Man has no say about the time or the place of his birth; God determines that without consulting the man himself. One day the little man finds himself in consciousness and accepts the fact that he is. There his volitional life begins. Before that he had nothing to say about anything. After that he struts and boasts and utters his defiant proclamations of individual freedom, and encouraged by the sound of his own voice he may declare his independence of God and call himself an “atheist” or an “agnostic.” Have your fun, little man; you are only chattering in the interim between first and last; you had no voice at the first and you will have none at the last. God reserves the right to take up at the last where He began at the first, and you are in the hands of God whether you will or not.
This knowledge should humble us and encourage us, too. It should humble us when we remember how frail we are, how utterly dependent upon God; and it should encourage us to know that when everything else has passed we may still have God no less surely than before.
Adam became a living soul, but that becoming was not of his own volition. It was God who willed it and who executed His will in making Adam a living man. God was there first. And when Adam sinned and wrecked his whole life God was there still. Adam did not know it perhaps, but his whole future peace lay in this – that God was there after he had sinned. The God who was there at Adam’s beginning remained there at his ending. God was there last.
It would be great wisdom for us to begin to live in the light of this wonderful and terrible truth: God is the first and the last.
The remembrance of this could save nations from many tragic and bloody decisions. Were notes written by statesmen against the background of such knowledge they might be less inflammatory, less arrogant; and were kings and dictators to think soberly of this great truth they might walk more softly and speak less like gods. For after all they are not really important and the sphere of their freedom is constricted more than they dream.
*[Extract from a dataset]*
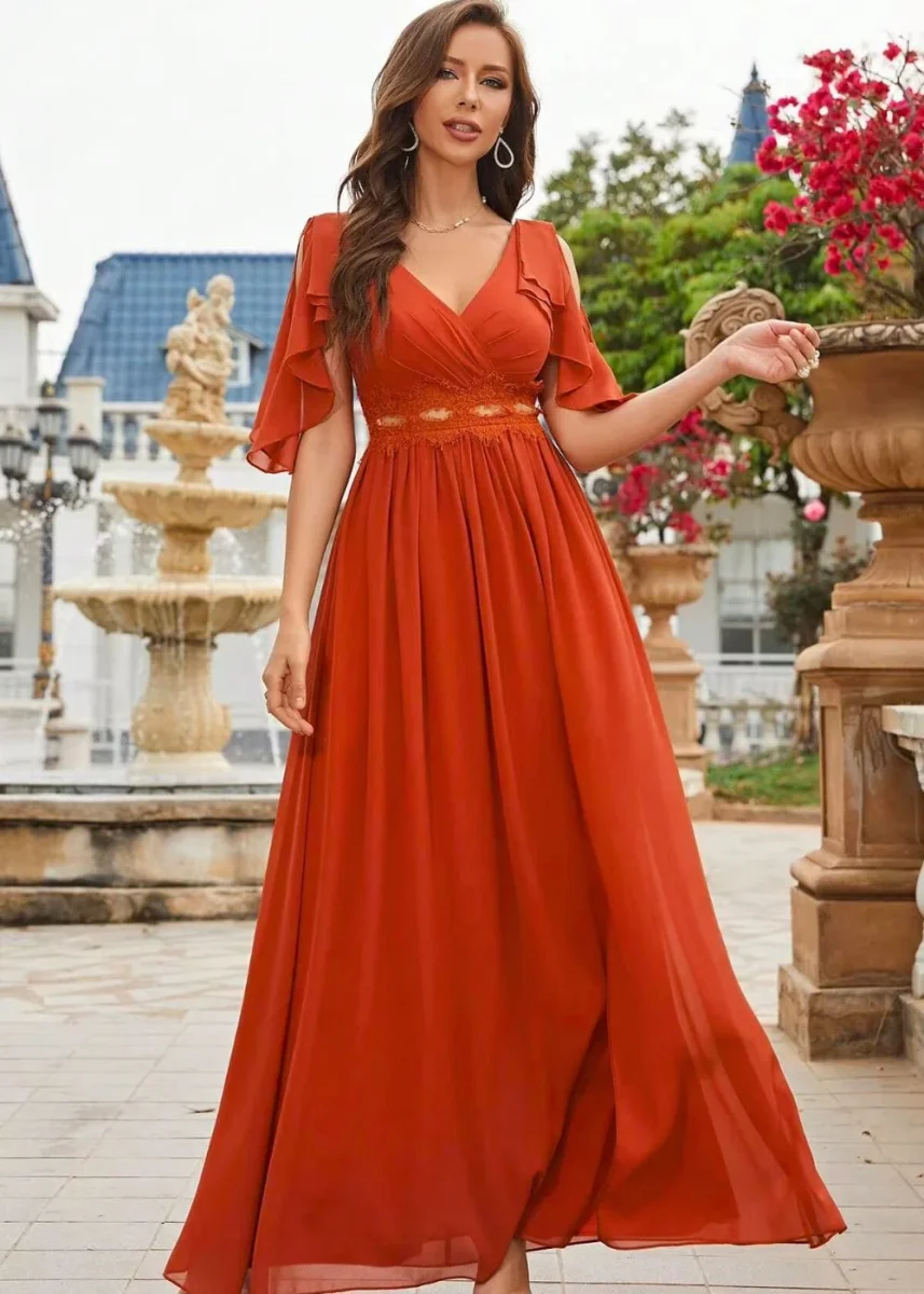 Robe demoiselle d’honneur bohème terracotta :Un charme bohème irrésistible pour une allure envoûtante

Shelley tells of the traveler who saw in the desert two vast and trunkless legs of stone, and near them half-buried in the sand lay a shattered face with a “wrinkled lip and sneer of cold command.” On the pedestal where once the proud image had stood were engraven these words: “My name is Ozymandias, king of kings: Look on my works, ye mighty, and despair.” And, says the poet, “Nothing else remains. Round the decay of that colossal wreck, boundless and bare the lone and level sands stretch far away.” Shelley was right except for one thing: Something else did remain. It was God. He had been there first to look in gentle pity upon the mad king who could boast so shamelessly in the shadow of the tomb; and He was there when the winds of heaven blew down the statue and by the swirling sands covered with a mantle of pity the evidence of human decay.
God was there last.
from The Root of the Righteous by A. W. Tozer
Merciful and Loving God, You are our Lord and our King and we long for the day when You will receive us into Your Heavenly abode. Until then, we place this nation of America at your feet and ask that You might once again look upon us with favor. May we repent and begin once again to serve You. Yet, for the honor of Your holy name, we pray that Your will be done in this great land. Our confidence is in You. Blessed be Your Name in all the Earth, Amen.
Lifting our elections up to the Lord helps all of us keep the focus on the most important topics as well as softens our hearts to love everyone, even those with whom we may disagree. Believing differently shouldn't stop us from sharing God's love and His Word with others.